On Tue, Apr 13, 2021 at 04:17:39PM +0000, Tom Lane wrote:
> Avoid improbable PANIC during heap_update.
>
> heap_update needs to clear any existing "all visible" flag on
> the old tuple's page (and on the new page too, if different).
> Per coding rules, to do this it must acquire pin on the appropriate
> visibility-map page while not holding exclusive buffer lock;
> which creates a race condition since someone else could set the
> flag whenever we're not holding the buffer lock. The code is
> supposed to handle that by re-checking the flag after acquiring
> buffer lock and retrying if it became set. However, one code
> path through heap_update itself, as well as one in its subroutine
> RelationGetBufferForTuple, failed to do this.

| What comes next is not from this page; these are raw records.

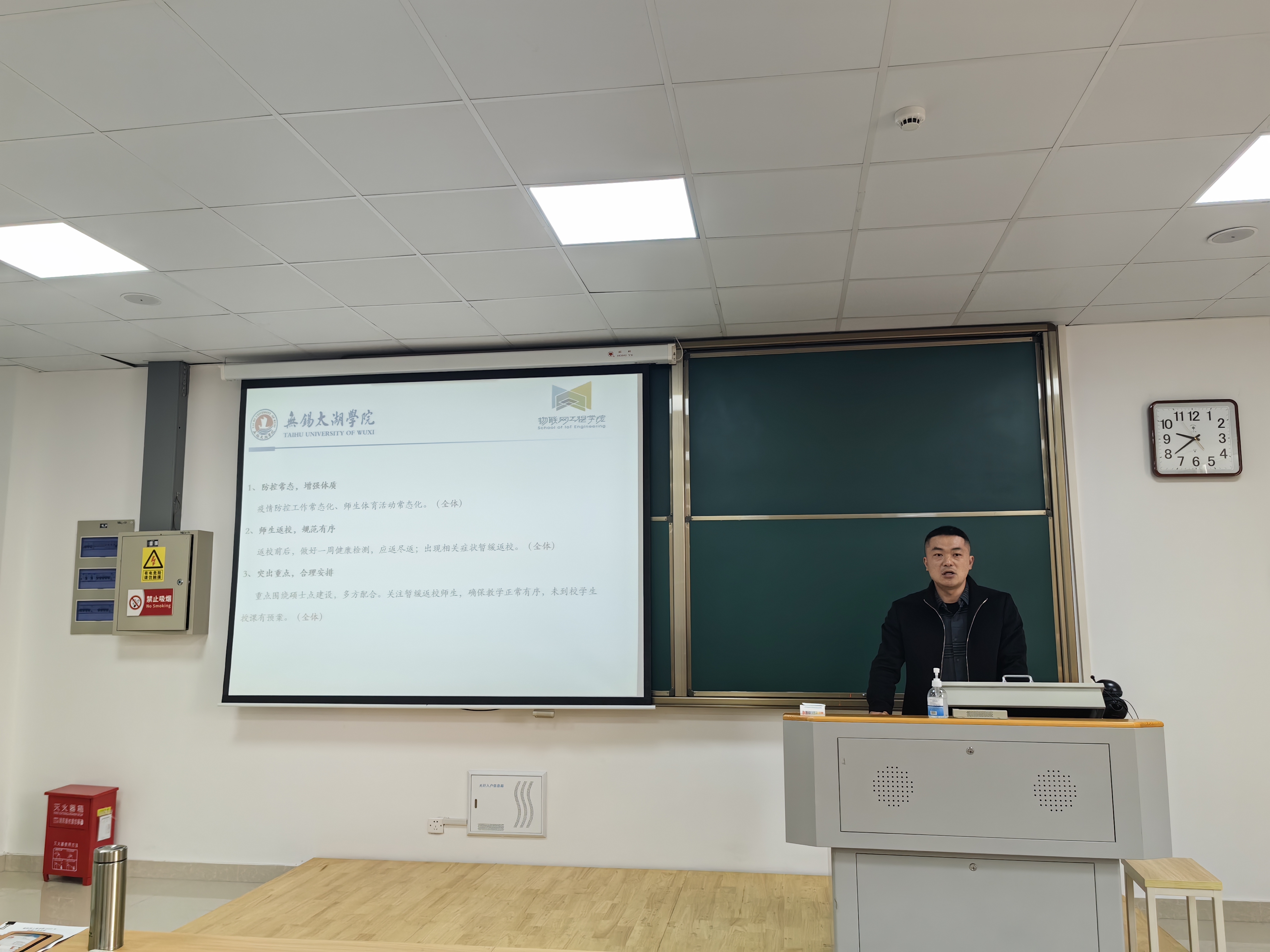 为统筹推进学院学生工作提质增效,筑牢校园安全防线,精准部署就业服务与日常管理重点任务,近日,物联网工程学院学工队伍召开专题学工例会。学院党总支副书记沈峰主讲并作全面工作部署,荣巷派出所驻校民警周警官受邀参会,为学院全体辅导员开展反诈宣传与安全答疑。全体学工人员、辅导员参加会议。会上,沈书记围绕学生思想引领、安全稳定、反诈教育、就业推进、日常管理等重点工作进行系统安排。他强调,全体学工人员要提高政治站位,...
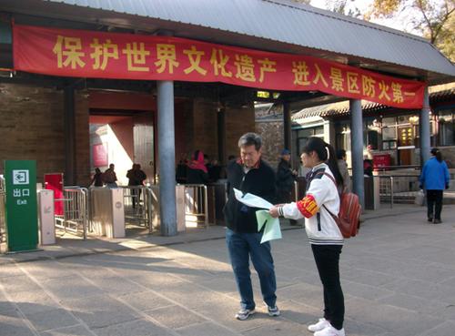 承德避暑山庄中山区面积占78%,林区植被茂盛,冬季防火任务十分艰巨。作为当代大学生,有责任向市民、游客宣传防火工作的重要性,营造人人热爱山庄,人人保护山庄的良好氛围。
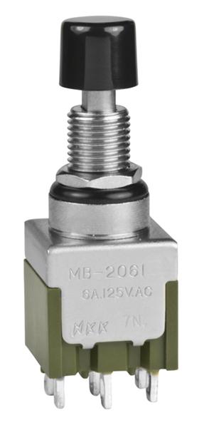 MB2061SD3W01-BA: Pushbutton Switches DPDT ON-(ON) 6A .315" BLACK CAP
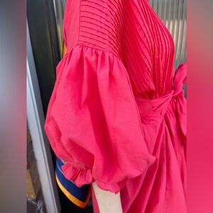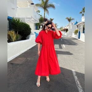 The Dress Phoebe Red is a stylish and comfortable garment made from 100% Egyptian cotton. With a one size fits all design, this dress is suitable for a range of sizes from US size : 2 / 4 / 6 / 8 / 10. Measuring a length of 130 cm, this dress is perfect for any occasion. Use machine washes at 30 degrees for easy care and maintenance
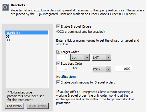 To receive confirmations related to bracket orders, click the Notifications check box. The confirmation allows you to disable either the target order or the stop loss order, so that a single order is triggered rather than an OCO (both target and stop loss).
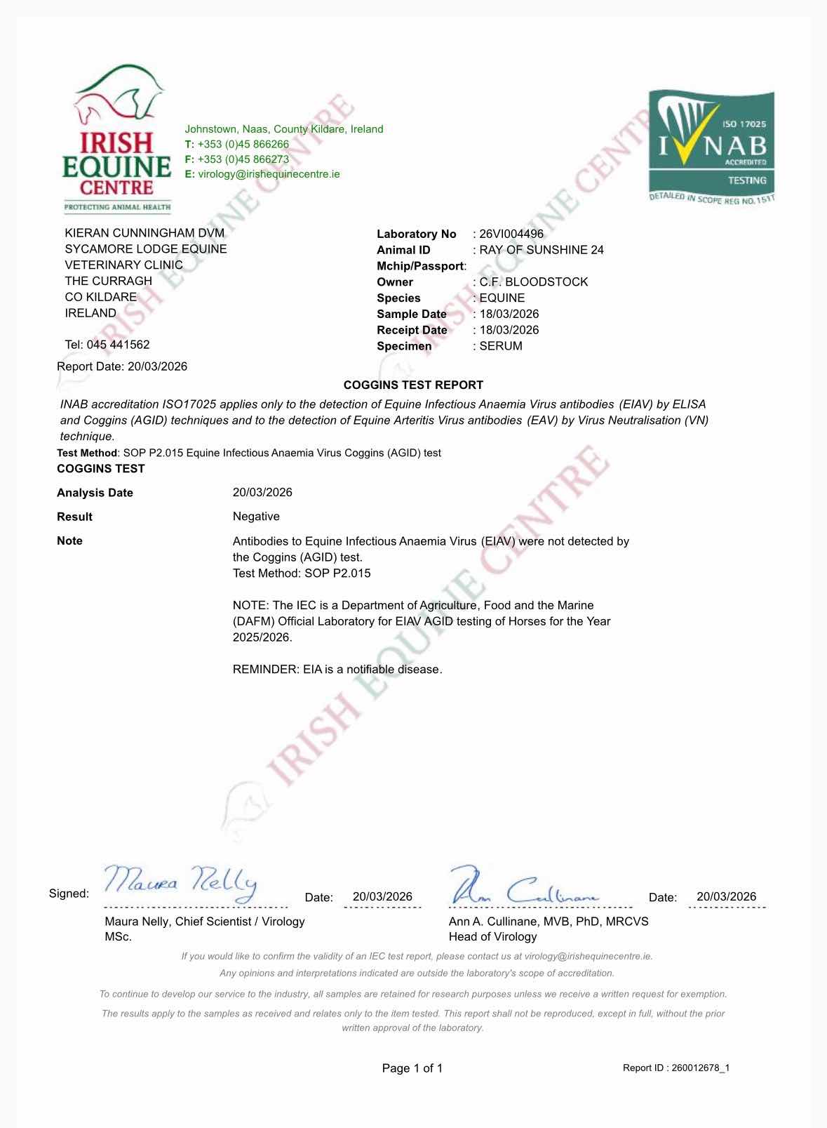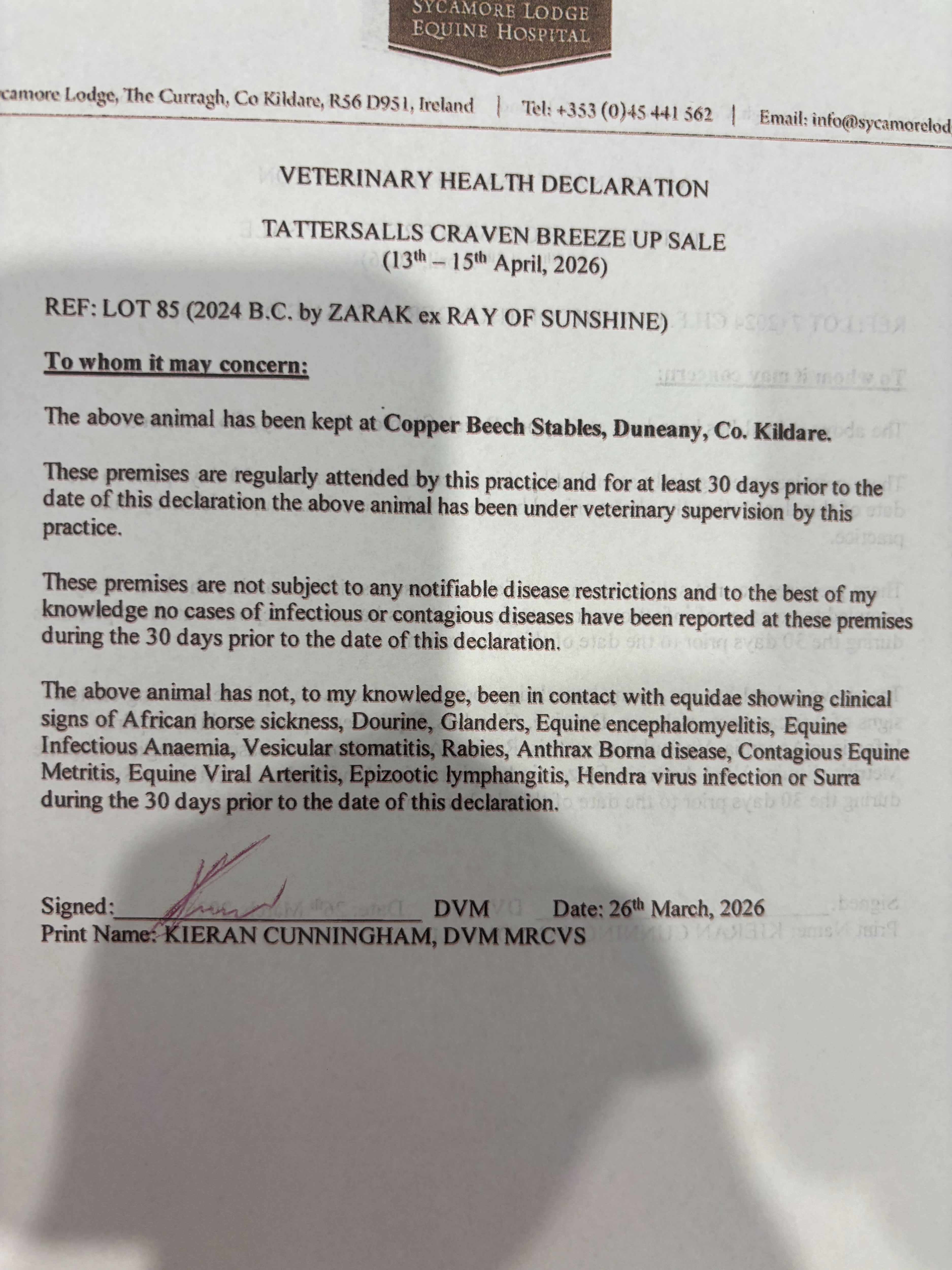 Contact: Cormac Farrell ✆ 00353838825541 ✉ Cormac.farrell@cfbloodstock.ie

The end result,
> in the unlikely event that a concurrent VACUUM did set the flag
> while we're transiently not holding lock, is a non-recurring
> "PANIC: wrong buffer passed to visibilitymap_clear" failure.
>
Hi,
This doesn't look as improbable because I saw it at least 3 times with
v15beta4.
The first time I thought it was my fault, then I tried with a commit on
september 25 (didn't remember which exactly but that doesn't seems too
relevant).
Finally I saw it again in a build with TRACE_VISIBILITYMAP defined (the
same commit).
But I haven't see it anymore on rc1. Anyway I'm attaching the backtrace
(this is from the build with TRACE_VISIBILITYMAP), the query that was
running at the time was (no changes were made to quad_poly_tbl table
nor any indexes were added to this table):
"""
update public.quad_poly_tbl set
id = public.quad_poly_tbl.id
returning
public.quad_poly_tbl.id as c0
"""
--
Jaime Casanova
Director de Servicios Profesionales
SystemGuards - Consultores de PostgreSQL